Facebook has great potential as a tool to mobilize social networks. However, as activists in Egypt have recently discovered, it also has potential pitfalls. Some of the most promising examples of use of social networking sites have included organization of offline protests in Colombia against the FARC, generation of international support for monk-led protests in Burma, and organization of student protests in Venezuela against a Constitutional referendum that would have extended Chavez’s ability to compete in elections indefinitely. The US Presidential campaigns have also recognized the potential of social networking sites, including the Ron Paul campaign, which used Facebook as their primary online platform for organization and mobilization of supporters.

However, authoritarian governments are increasingly taking notice and reacting to the use of social network sites for mobilization. The Washington Post reports on one digital activist’s attempts to use the Internet to mobilize protesters in Egypt. According to the Post, 74,000 members have joined a group created by Ahmed Maher and Israa Abdel Fattah since March. However, recent attempts to get protesters on the streets on Mubarak’s 80th birthday resulted in interest by only 15 of the 74,000 (in contrast to earlier successes). He has run into the same problem as other activists when trying to send mass emails to members since Facebook thinks they are spammers.

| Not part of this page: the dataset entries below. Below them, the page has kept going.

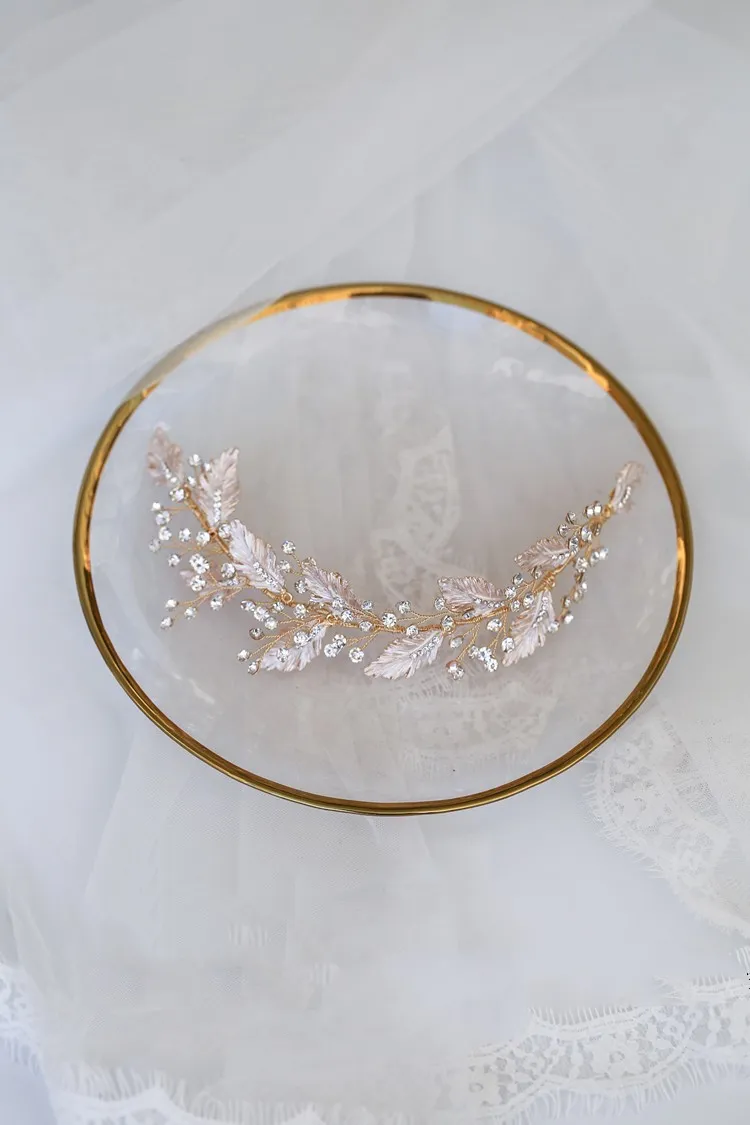 The unique branch-inspired design of this hair band evokes the beauty of nature, featuring delicate, flowing branches that wind across the crown, adorned with sparkling rhinestones. The elegant and organic pattern mimics the graceful curves of tree branches, symbolizing growth, love, and new beginnings—making it the perfect accessory for a bride.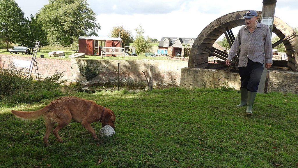 Fred and Debra cleared a fallen tree from the track below the mill, then loaded thick weeds and soil from our compost bays into the tractor trailer which Fred took to The Maltings, as thick weeds and soil don’t rot down. Hector the red labrador was with us, he followed me around when I was working and enjoyed fetching his ball from the river.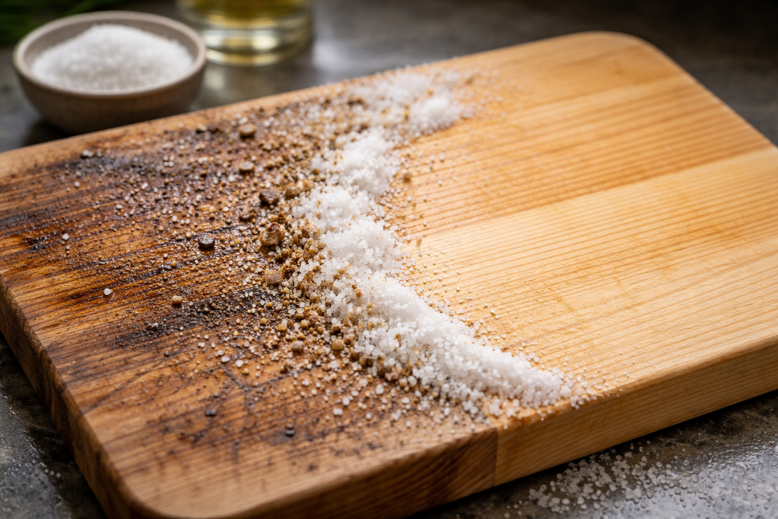 Dřevo má porézní strukturu. Standardní čisticí prostředky smyjí pouze povrchovou mastnotu, ale zárodky a šťávy z jídla se zachytí hluboko ve vláknech. Abychom nečistoty vytáhli, budeme potřebovat přírodní absorpční prostředky a potravinové kyseliny.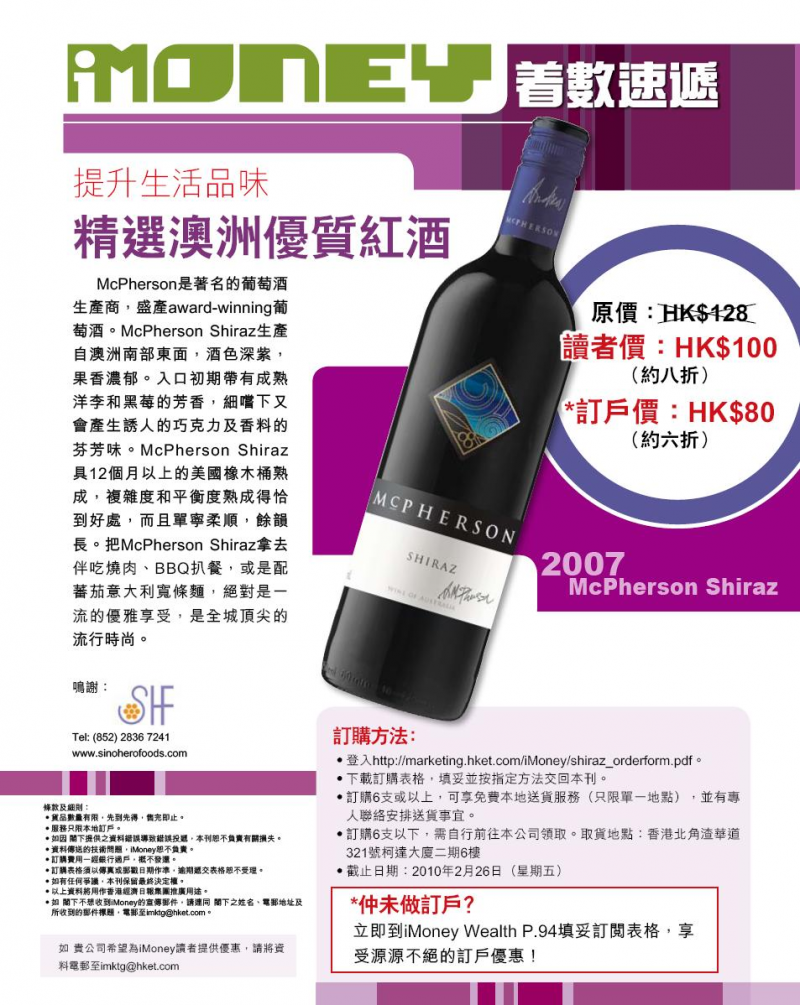 Award winning shiraz mcpherson featured in leading financial magazine Imoney on topical wine
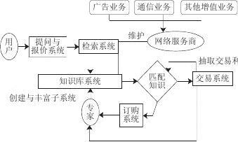 給出答案,并將新知識(shí)擴(kuò)充進(jìn)知識(shí)庫(kù),以避免知識(shí)的重復(fù)創(chuàng)造。最后通過(guò)交易系統(tǒng)完成知識(shí)的獲取。其中知識(shí)庫(kù)系統(tǒng)由不同的子知識(shí)庫(kù)組成,由不同專家組和網(wǎng)絡(luò)服務(wù)商共同管理。網(wǎng)絡(luò)服務(wù)商可以從每次交易中抽取利潤(rùn)實(shí)現(xiàn)盈利,并通過(guò)廣告、通信和其他增值業(yè)務(wù)支撐威客模式的運(yùn)作。

There are also concerns about infiltration by the State into the social networking groups. In the end, the security services resorted to old fashioned intimidation when they detained, interrogated and beat Maher for his efforts–demanding passwords for access to the group when they aren’t even required. The best option for these activists may be to understand and be able to use a number of online tools, including cellphones and SMS, to stay a step ahead of the governments they are trying to peacefully protest against, and to always have backup communication systems in place.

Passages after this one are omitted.